> AIM OF THE EXERCISE
Transcribe the listing verbatim, please, with images dropped.

> DATASET SECTION
========================================================================

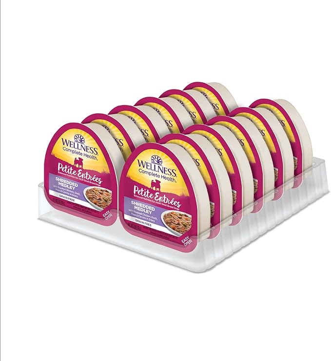 Wellness Petite Entrées Shredded Medley with Roasted Chicken, Duck, Peas & Carrots, 3-Ounce Cup (Pack of 12)
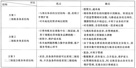 3G計(jì)費(fèi)賬務(wù)體系結(jié)構(gòu)主要分為三級(jí)賬務(wù)體系結(jié)構(gòu)、二級(jí)賬務(wù)體系結(jié)構(gòu)和二、三級(jí)混合賬務(wù)體系結(jié)構(gòu)等幾種方式。各種賬務(wù)體系結(jié)構(gòu)對(duì)比見(jiàn)表1。
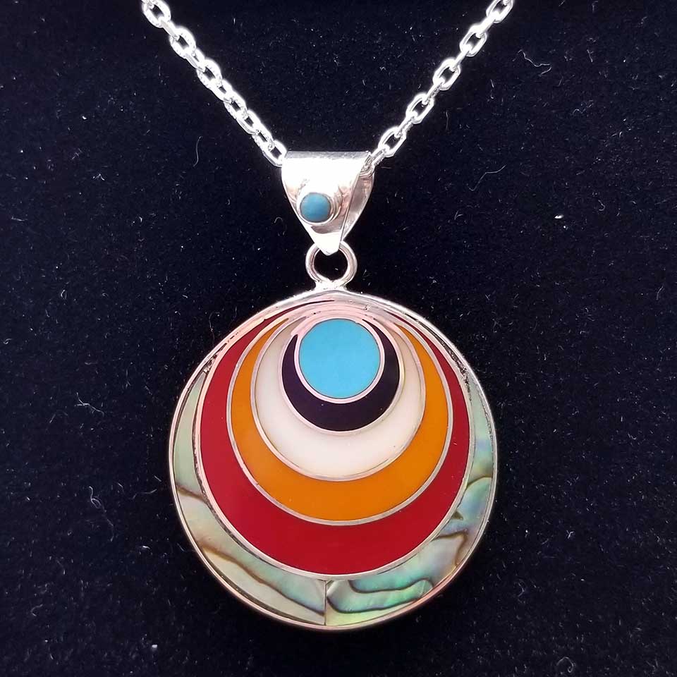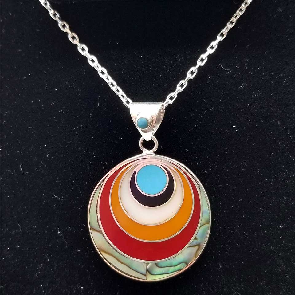 Retro style enameled pendant with inlays of abalone, turquoise, garnet, orange and moonstone mimics the jewelry of the 70's. It is a fun style that can quickly turn into your go to jewelry style for everyday. The .925 20" silver chain is included with the pendant.

========================================================================

> RESULT OF THIS TASK
 Wellness Petite Entrées Shredded Medley with Roasted Chicken, Duck, Peas & Carrots, 3-Ounce Cup (Pack of 12)
 3G計(jì)費(fèi)賬務(wù)體系結(jié)構(gòu)主要分為三級(jí)賬務(wù)體系結(jié)構(gòu)、二級(jí)賬務(wù)體系結(jié)構(gòu)和二、三級(jí)混合賬務(wù)體系結(jié)構(gòu)等幾種方式。各種賬務(wù)體系結(jié)構(gòu)對(duì)比見(jiàn)表1。
 Retro style enameled pendant with inlays of abalone, turquoise, garnet, orange and moonstone mimics the jewelry of the 70's. It is a fun style that can quickly turn into your go to jewelry style for everyday. The .925 20" silver chain is included with the pendant.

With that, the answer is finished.